→ **Supplied data**:
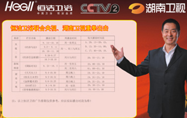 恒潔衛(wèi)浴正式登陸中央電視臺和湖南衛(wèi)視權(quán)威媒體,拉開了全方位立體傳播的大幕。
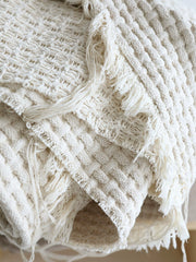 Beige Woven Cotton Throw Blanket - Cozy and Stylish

--

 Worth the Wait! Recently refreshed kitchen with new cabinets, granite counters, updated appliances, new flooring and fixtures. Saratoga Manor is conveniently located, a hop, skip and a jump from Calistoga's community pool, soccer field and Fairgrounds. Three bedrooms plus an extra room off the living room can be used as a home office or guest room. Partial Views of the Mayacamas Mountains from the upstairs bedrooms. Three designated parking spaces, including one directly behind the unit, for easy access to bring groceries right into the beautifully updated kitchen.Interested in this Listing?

* * *

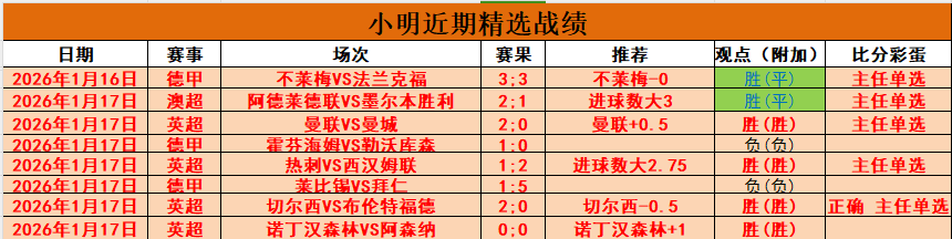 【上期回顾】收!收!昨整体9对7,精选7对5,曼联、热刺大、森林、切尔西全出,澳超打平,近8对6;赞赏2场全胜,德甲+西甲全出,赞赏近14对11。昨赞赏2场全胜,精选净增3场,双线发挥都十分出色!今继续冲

→ **Aim of the task**: What you need to produce is an exact copy of the entries above, limited to the lines from the one with "恒潔衛(wèi)浴正式登陸中" up to and including the one with "Beige Woven Cotton", without pictures.

→ **Task result**:
 恒潔衛(wèi)浴正式登陸中央電視臺和湖南衛(wèi)視權(quán)威媒體,拉開了全方位立體傳播的大幕。
 Beige Woven Cotton Throw Blanket - Cozy and Stylish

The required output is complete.